Of course, we can still back out a utility function from this dynamic: instead of having a mapping of ordinal numbers to world states, we can have one from ordinal numbers to changes from world state to another.
But that just passes the buck one level. I see no reason in principle that an agent might have a preference to rotate between different changes in the world, just as well as rotating different between states of the world.
But this also misses the central point. I think you can always construct a utility function that represents some behavior. But if one is no longer compelled by dutch book arguments, this begs the question of why we would want to do that. If coherence is no longer a desiderata, it’s no longer clear that a utility function is that natural way to express preferences.
And I wonder, maybe this also applies to agents in general, or at least the kind of learned agents that humans are likely to build via gradient descent.
Maximization behavior
I think this matters, because many of the classic AI risk arguments go through a claim that maximization behavior is convergent. If you try to build a satisficer, there are a number of pressures for it to become a maximizer of some kind. (See this Rob Miles video, for instance)
I think that most arguments of that sort depend on an agent acting according to an expected utility maximization framework. And utility maximization turns out not to be a good abstraction for agents in the real world, I don’t know if these arguments are still correct.

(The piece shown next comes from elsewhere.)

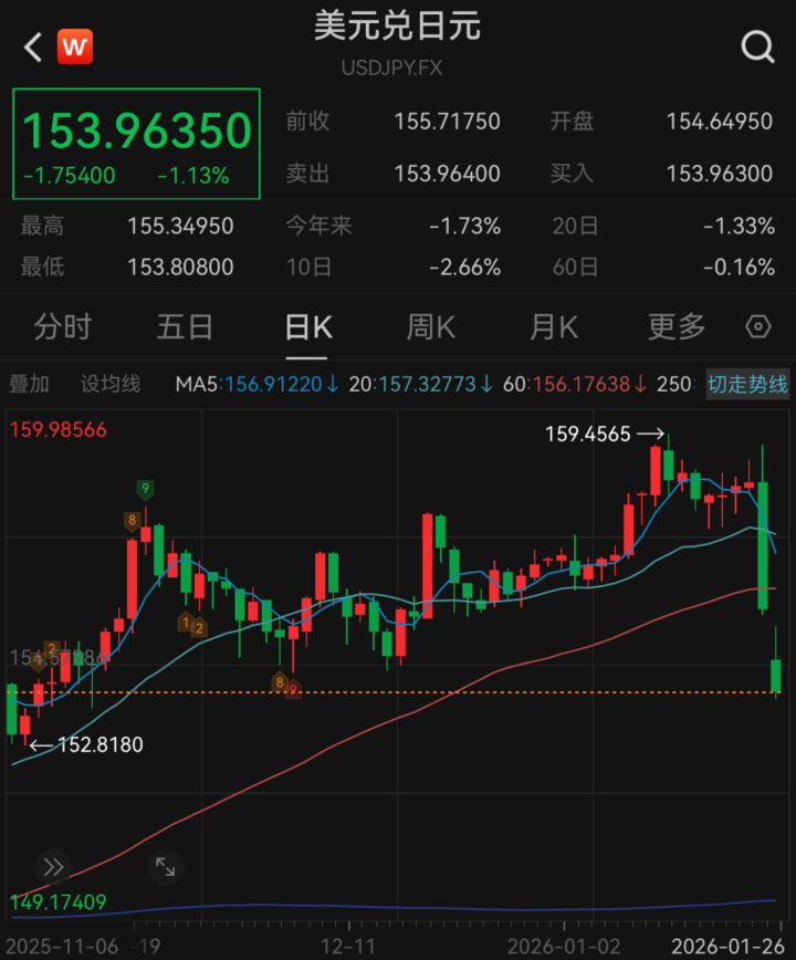 有分析指出,这一波美元下跌的主要原因是,日本首相高市早苗上周日对市场发出警告称,政府将采取“一切必要措施”应对市场的投机性和极度异常波动。

I posit that straightforward maximizers are rare in the multiverse, and that most evolved or learned agents are better described by some other abstraction.
If not utility functions, then what?
If we accept for the time being that utility functions are a warped abstraction for most agents, what might a better abstraction be?

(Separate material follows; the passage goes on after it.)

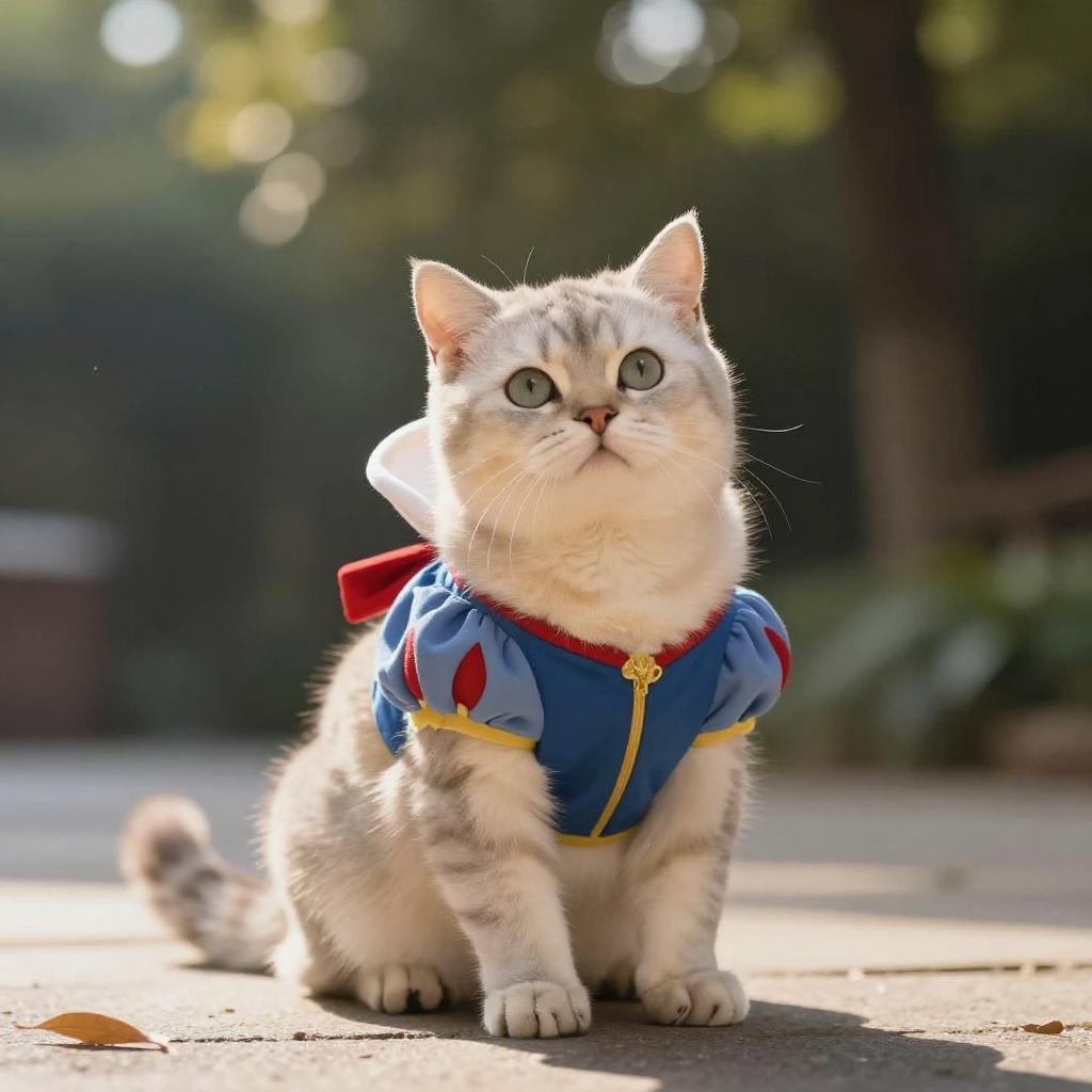 Realistic photo. Cat dressed as a Snow White posing for an image, luminous and whimsical, warm dappled sunlight with fairytale bokeh. realistic photo

I don’t know. I’m writing this post in the hopes that others will think about this question and perhaps come up with productive alternative formulations.

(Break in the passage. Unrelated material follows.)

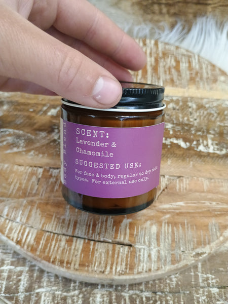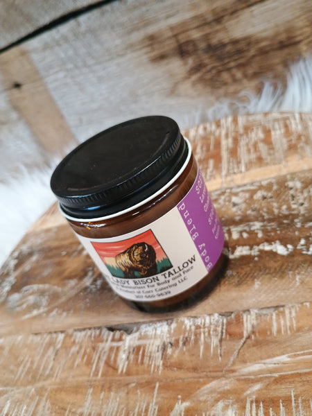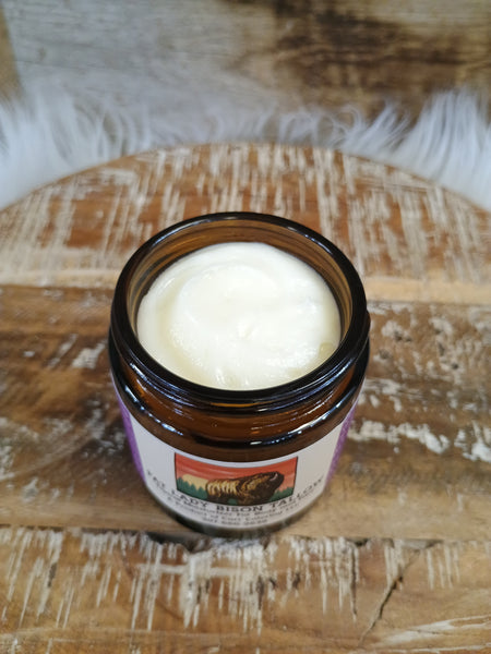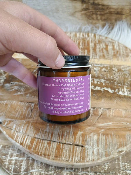 Ingredients: Organic Bison Tallow, Organic Caster Oil, Organic Olive Oil, Lavender Essential Oil, and Chamomile Essential Oil

I’ll post some of my half-baked thoughts on this question shortly.
I’ve long been somewhat skeptical that utility functions are the right abstraction.
My argument is also rather handwavy, being something like “this is the wrong abstraction for how agents actually function, so even if you can always construct a utility function and say some interesting things about its properties, it doesn’t tell you the thing you need to know to understand and predict how an agent will behave”. In my mind I liken it to the state of trying to code in functional programming languages on modern computers: you can do it, but you’re also fighting an uphill battle against the way the computer is physically implemented, so don’t be surprised if things get confusing.
And much like in the utility function case, people still program in functional languages because of the benefits they confer. I think the same is true of utility functions: they confer some big benefits when trying to reason about certain problems, so we accept the tradeoffs of using them. I think that’s fine so long as we have a morphism to other abstractions that will work better for understanding the things that utility functions obscure.
Utility functions are especially problematic in modeling behaviour for agents with bounded rationality, or those where there are costs of reasoning. These include every physically realizable agent.
For modelling human behaviour, even considering the ideals of what we would like human behaviour to achieve, there are even worse problems. We can hope that there is some utility function consistent with the behaviour we’re modelling and just ignore cases where there isn’t, but that doesn’t seem satisfactory either.
‘Or you will leave money on the table.’
You rotated ‘different’ and ‘between’. (Or a serious of rotations isomorphic to such.)